Silverman Paul M
Department of Radiology, University of Texas MD Anderson Cancer Center, Houston, TX 77030, USA.
Cancer Imaging. 2006 Nov 8;6(1):175-81. doi: 10.1102/1470-7330.2006.0024.
Conventional, single-slice helical computed tomography (SSCT) allowed for scanning the majority of the liver during the critical portal venous phase. This was often referred to as the 'optimal temporal window'. The introduction of current day multislice CT (MSCT) now allows us to acquire images in a much shorter time and more precisely than ever before. This yields increased conspicuity between low attenuation lesions and the enhanced normal liver parenchyma and optimal imaging for the vast majority of hepatic hypovascular metastases. Most importantly, these scanners, when compared to conventional non-helical scanners, avoid impinging upon the 'equilibrium' phase when tumors can become isodense/invisible. MSCT also allows for true multiphase scanning during the arterial and late arterial phases for detection of hypervascular metastases. The MSCT imaging speed has increased significantly over the past years with the introduction of 32- and 64-detector systems and will continue to increase in the future volumetric CT. This provides a number of important gains that are discussed in detail.
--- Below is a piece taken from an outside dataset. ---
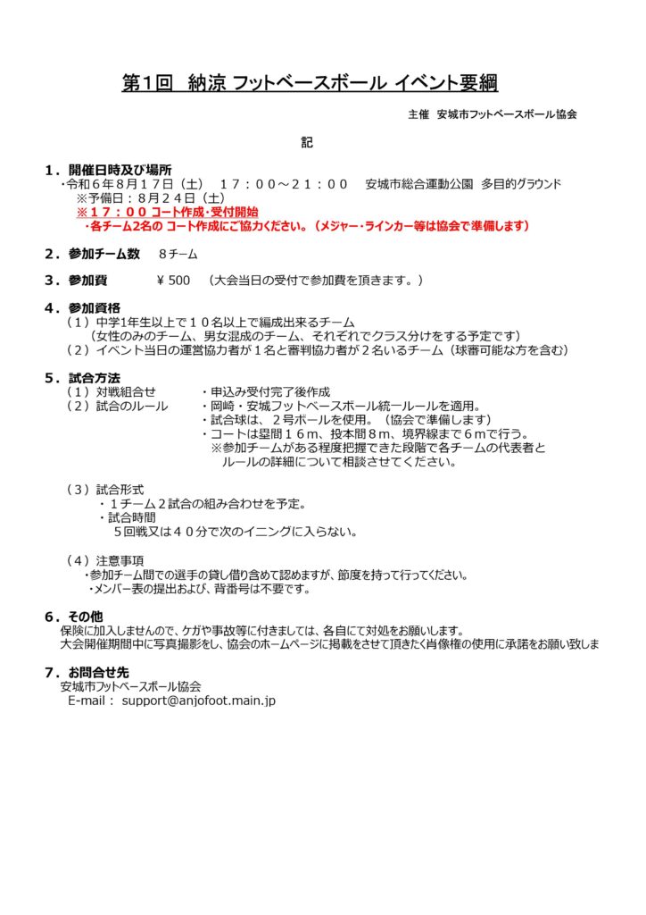 猛暑日が続きますが、夕涼みのなかフットベースボールを楽しみましょう!

传统的单层螺旋计算机断层扫描(SSCT)能够在关键的门静脉期对大部分肝脏进行扫描。这一时期通常被称为“最佳时间窗”。如今多层螺旋CT(MSCT)的出现,使我们能够比以往任何时候都更快、更精确地获取图像。这使得低衰减病变与强化的正常肝实质之间的对比度增加,并且能对绝大多数肝脏乏血供转移瘤进行最佳成像。最重要的是,与传统非螺旋扫描仪相比,这些扫描仪能够避免在肿瘤可能变为等密度/不可见的“平衡”期进行扫描。MSCT还能在动脉期和延迟动脉期进行真正的多期扫描,以检测富血供转移瘤。在过去几年中,随着32排和64排探测器系统的引入,MSCT的成像速度显著提高,未来的容积CT成像速度还将继续提升。这带来了许多重要的优势,将在下文详细讨论。